Red Hat Bugzilla – Bug 64787
fsck called from rc.sysinit fails on larger partitions
Last modified: 2007-04-18 12:42:32 EDT
From Bugzilla Helper:
User-Agent: Mozilla/5.0 (X11; U; Linux i686; en-US; rv:1.0.0+) Gecko/20020507
Description of problem:
When fsck -f runs from /etc/rc.sysinit, because of either mount-counts reaching
max-mount-counts on an ext3 filesystem or the existence of a /forcefsck file, I
get a hang fsck-ing a 28GB partition, but not on smaller partitions.
Version-Release number of selected component (if applicable):
initscripts-6.67-1 / e2fsprogs-1.27-3
Steps to Reproduce:
1. touch /forcefsck or tune2fs -c N -C N /dev/big-partition
3. wait ...
Actual Results: fsck hangs checking /dev/big-partition and system wedges.
Expected Results: fsck successfully completes checking /dev/big-partition and
I am running 7.3-Valhalla and kernel 2.4.18-4smp (i.e. the one with the ext3 fs
corrupting panic problem fixed). In my case, /dev/big-parition is a 28GB
partiton on a (IBM DRHS36V) SCSI disc.
Other partitions, up to 7.9 GB (on another scsi disc) and 4.9GB (on the same
disc) do fsck fine in this situation.
The partition in question will fsck when the system boots from the 7.2 sysadmin
survival disc (which also enabled me to remove the /forcefsck file, thank god).

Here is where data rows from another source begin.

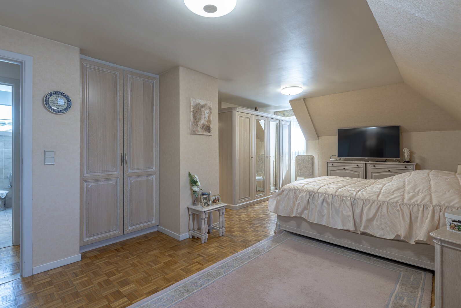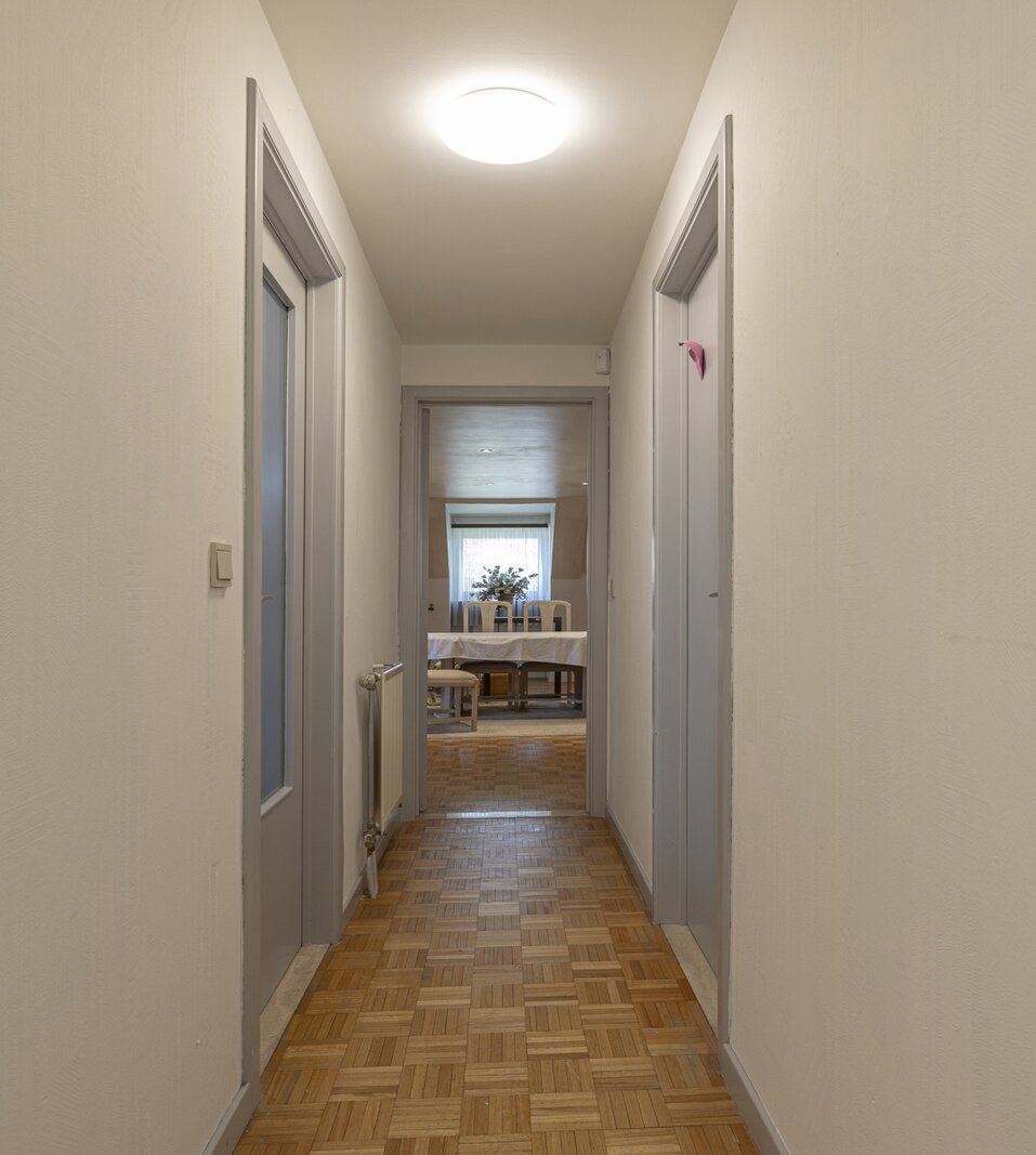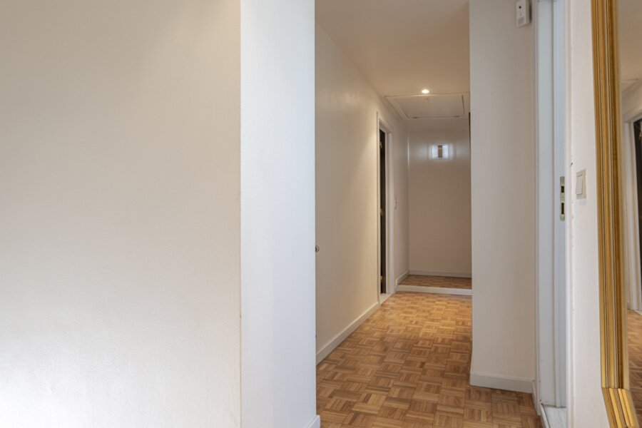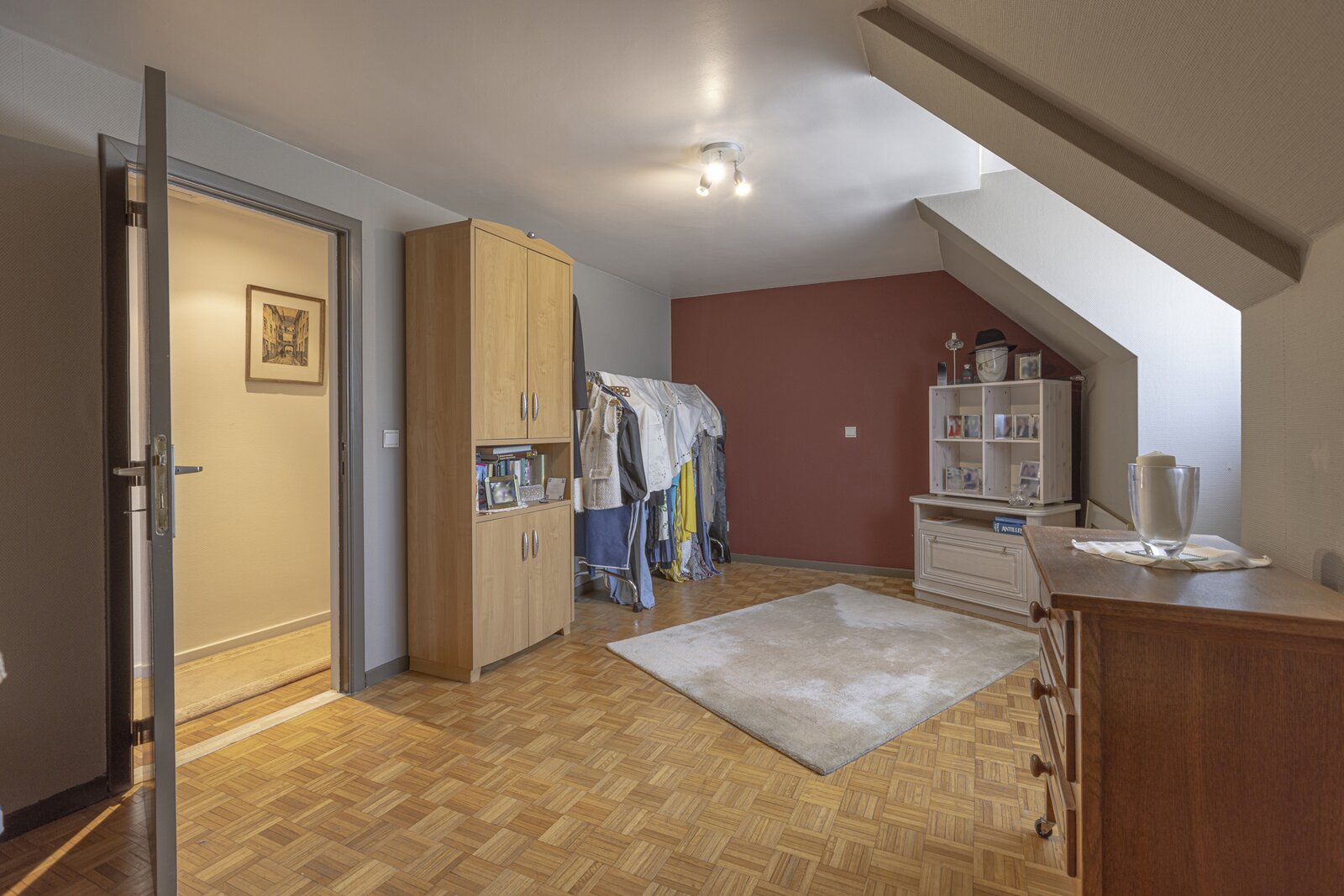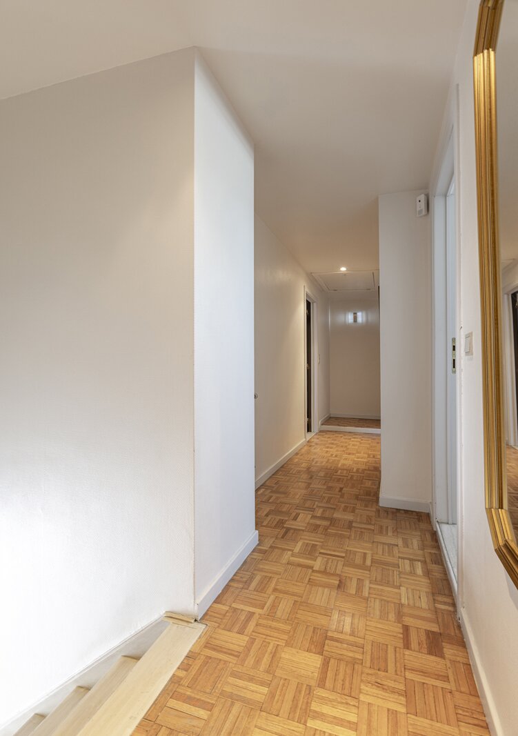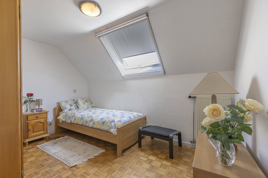 Op de eerste verdieping vinden we de master bedroom met aangrenzende dressing en badkamer met ligbad, alsook twee bijkomende slaapkamers. De zolder is bereikbaar via een uittrekbare trap. De woning biedt tal van mogelijkheden tot herindeling naar eigen wens. Zo kan de eerste verdieping eenvoudig worden uitgebreid met extra slaapkamers, een hobbyruimte of een tweede badkamer.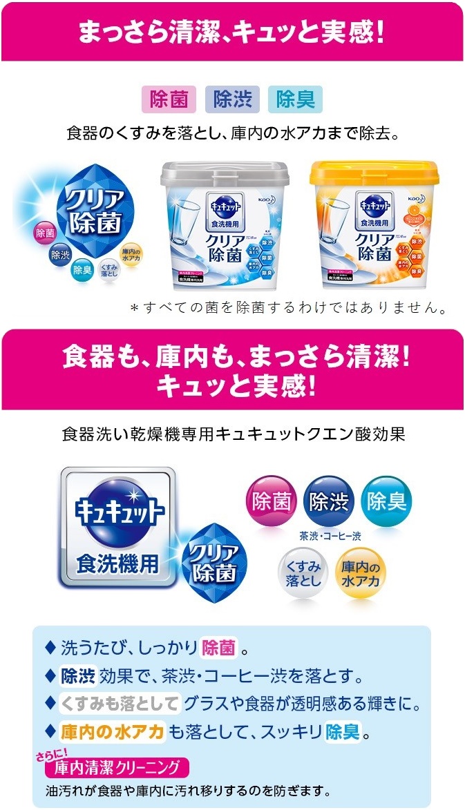 - Không mùi ● Thành phần: Surfactant, glycosides alkyl, chất ổn định, chất khử trùng, chất hoạt động bề mặt 3%, chất làm mềm nước ● Công dụng: Nhờ "Hiệu ứng axit citric" sử dụng cơ chế tập trung làm sạch của enzyme kép và axit citric ở nồng độ cao, giúp phân hủy mạnh các chất bẩn cứng đầu, vết cặn canxi và khử mùi vệ sinh trong khoang máy. Đối với máy Nhật Bản khi sử dụng không cần bổ sung thêm muối làm mềm nước và dung dịch trợ xả như các loại bột rửa chén bát có xuất xứ từ châu Âu. Bột rửa chén bát Kao Kyukyuto giúp làm mềm nước trong máy rửa chén. Nước máy thông thường có chứa nhiều canxi, magie sẽ gây lên sự tích tụ cặn vôi trong máy rửa chén, đồng thời làm giảm tính năng làm sạch của bột rửa chén bát, gây tắc vòi phun nước, ống dẫn và đặc biệt tạo ra các mảng bám trên bề mặt thành trong của khoang máy và chén đĩa hay đồ sành sứ, thủy tinh, inox và các dụng cụ nhà bếp của bạn. 2.ƯU ĐIỂM SẢN PHẨM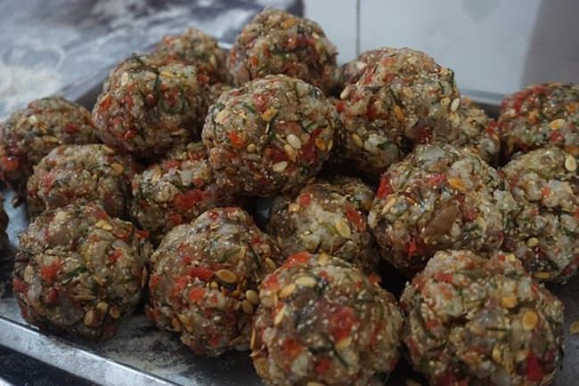 Nhân bánh trung thu thập cẩm có tính đặc thù là các loại nhân khô. Vì vậy chúng ta cần phải cho thêm một ít bột bánh dẻo để tạo sự kết dính cho các nguyên liệu làm nhân bánh. Nếu khi cho thêm bột bánh dẻo mà hỗn hợp nhân còn rời rạc thì hãy thêm chút bột bánh dẻo vào nữa nhé. Sau khi trộn xong nhân bánh chúng ta nắm hỗn hợp nhân bánh thành một viên tròn là đã đạt.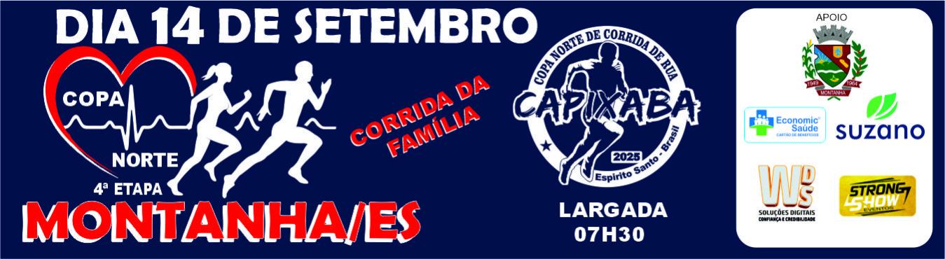 A 4ª etapa da copa norte capixaba de corrida de rua, com distâncias de 5 km e 10 km e caminhada de 5k. Poderão participar do evento pessoas acima de 14 anos, de ambos os sexos, desde que devidamente inscrita no evento, para caminhada a idade inicia à partir de 10 anos, (devidamente acompanhada pelo seu responsável).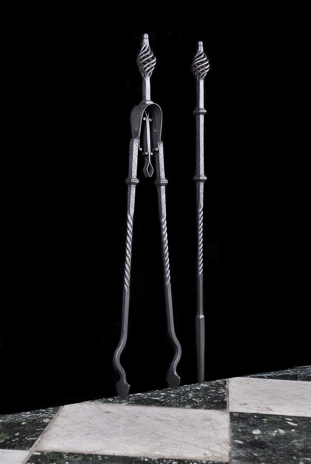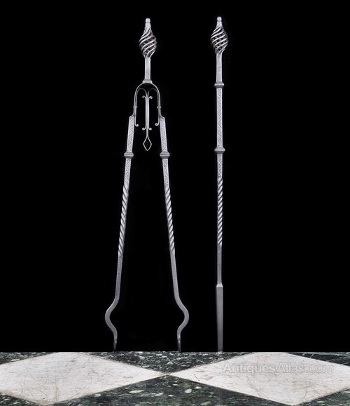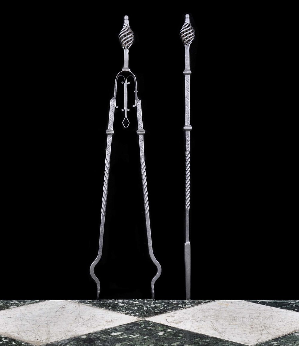 A pair of Arts & Crafts fire tools, a poker and a pair of tongs, with wrythen finials and barley twist stems. English, early 20th century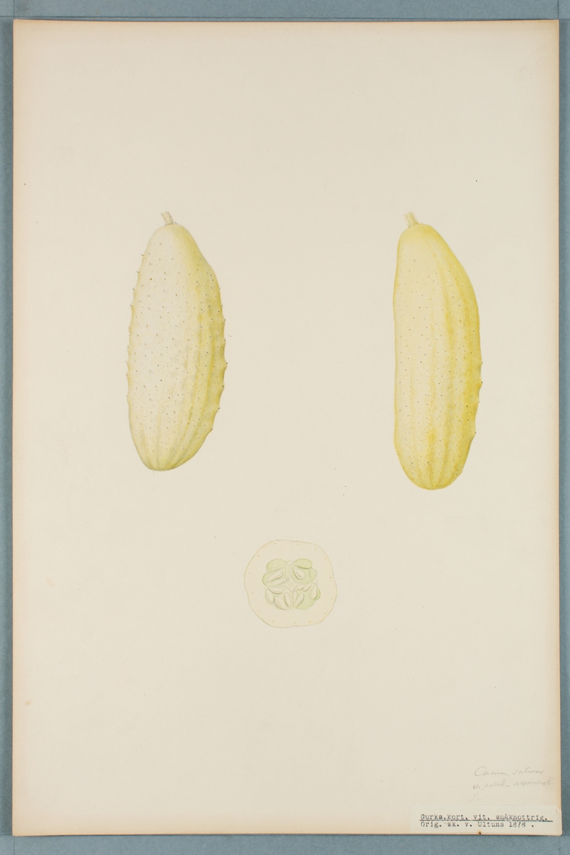 Sveriges kulturväxter. Illustration utförd av Henriette Sjöberg. Gurka, vit, småknottrig. Odlad Ultuna 1878. Inv. nr. C101 : 504.

It also fsck's fine when I run fsck -f manually on it.
Yesterday I witnessed this twice more (after a bug in my development code
crashed two machines hard so they had to be reset). I now believe that the
problem is a timeout somewhere in the communication between the between the fsck
engine and the boot process/fsck UI.
Here are some more details (both machines are SCSI SMP, up to date w/ RHN, all
file systems are ext3):
Machine no.1: During reboot post-reset, fs journal replay apparently wedges for
15G partitions - 8 hour hang, keyboard dead, etc. Next, I rebooted from the
install CD in rescue mode, and removed the partition in question from the fstab.
Another reboot in to single user, and I run e2fsck on the partition. It reports
that the partition is clean, but being skeptical, I run e2fsck -f. This hangs
for about an hour, leaving keyboard dead in all virtual terminals, top hung as
well. Re-booting yet again, I run tune2fs -l on the partition and discover that
the label has clean bit set *and* the last check is timestamped during the hour
Machine no. 2: During reboot post-reset, fs journal replay apparently wedges for
23G partitions - 4 hour hang, keyboard dead, top hung in second virtual
terminal. Rebooting in rescue mode from install CD and running tune2fs on the
partition reports partition clean and last mount and write times are about 90
minutes into the 4 hour hang.
It can sometimes be a kernel VM problem if you fsck large partitions.
I don't see fsck problems on machines I have available, so I need more
information on what is going wrong here. I don't think this is related on
how the initscripts invoke fsck.
Florian La Roche